Real-world application: This is the foundation for building legal research tools, compliance systems, and case analytics platforms.


Setup Your Environment

Step 1: Clone the Repository

Open your terminal and run:

# Clone the JuDDGES repository
git clone https://github.com/pwr-ai/JuDDGES.git
cd JuDDGES

Expected output:

Cloning into 'JuDDGES'...
remote: Enumerating objects: 1234, done.
remote: Counting objects: 100% (1234/1234), done.

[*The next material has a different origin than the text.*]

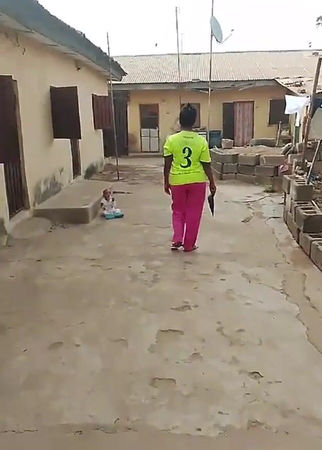 A woman wearing a green jersey with the number 3 on the back and pink pants is walking away from the camera down a paved courtyard. To her left is a light-colored building with brown trim. Seated on the ground to the left of the courtyard, is a baby in a white outfit and blue shoes. To the right of the courtyard are piles of cinder blocks and a light-colored building with a tin roof. The sky is overcast.

Step 2: Run Automated Setup

# Linux/macOS
./setup.sh

# Windows
setup.bat

This script will:

  • Create a virtual environment in .venv/
  • Install all Python dependencies
  • Set up pre-commit hooks
  • Configure Git LFS for large files

Expected output:

✓ Creating virtual environment
✓ Installing dependencies
✓ Setting up pre-commit hooks
✓ JuDDGES setup complete!

Step 3: Activate Virtual Environment

# Linux/macOS
source .venv/bin/activate

# Windows
.venv\Scripts\activate

Your prompt should now show (.venv) indicating the environment is active.

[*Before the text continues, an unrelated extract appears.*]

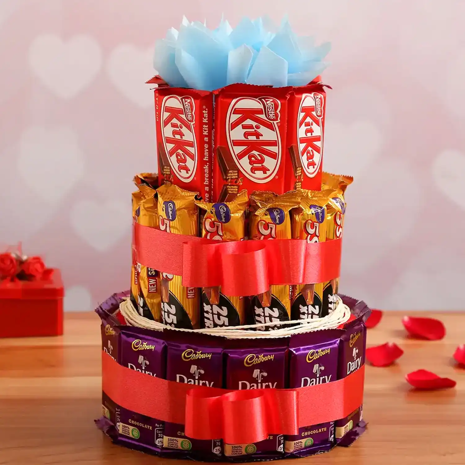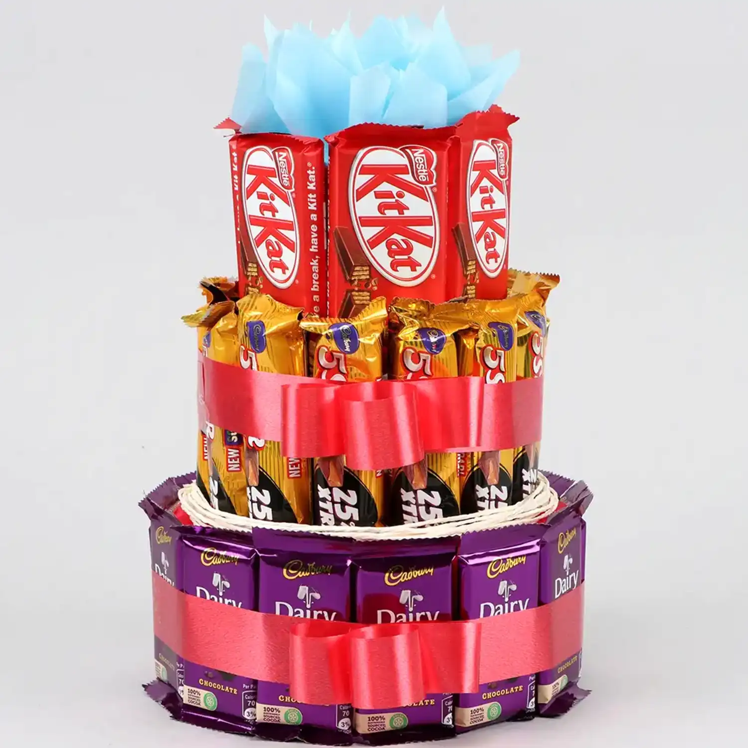 A 3 tier arrangement full of chocolate looks spectacular.

Step 4: Set Environment Variables

Create a .env file in the project root:

# Create .env file
touch .env

Add your API keys (optional for this tutorial):

# For Gemini extraction (optional for now)
GOOGLE_API_KEY=your-google-api-key-here

# For GPU acceleration (optional)
CUDA_VISIBLE_DEVICES=0
NUM_PROC=10

Tip: You can skip the API key for now and add it later when we do extraction.


Step 1: Load Your First Dataset

Understanding JuDDGES Datasets

JuDDGES provides pre-built datasets of Polish and English legal documents. Let's start with a sample dataset.

Create Your First Script

Create a new file called my_first_analysis.py:

"""My First Legal Document Analysis with JuDDGES."""

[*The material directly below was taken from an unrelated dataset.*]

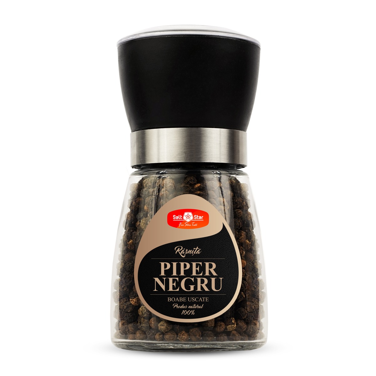 Rasnita reutilizabila cu piper negru boabe uscate.

from datasets import load_dataset
from rich.console import Console
from rich.table import Table

# Initialize rich console for beautiful output
console = Console()

# Step 1: Load a sample dataset
console.print("[bold blue]Loading Polish court decisions dataset...[/bold blue]")

# Load a small sample for quick experimentation
dataset = load_dataset(
    "JuDDGES/pl-court-raw-sample",
    split="train[:100]"  # Load only first 100 documents
)

console.print(f"[green]✓ Loaded {len(dataset)} documents[/green]")

# Step 2: Explore the dataset structure
console.print("\n[bold]Dataset Info:[/bold]")
console.print(f"Number of documents: {len(dataset)}")
console.print(f"Available fields: {list(dataset.features.keys())}")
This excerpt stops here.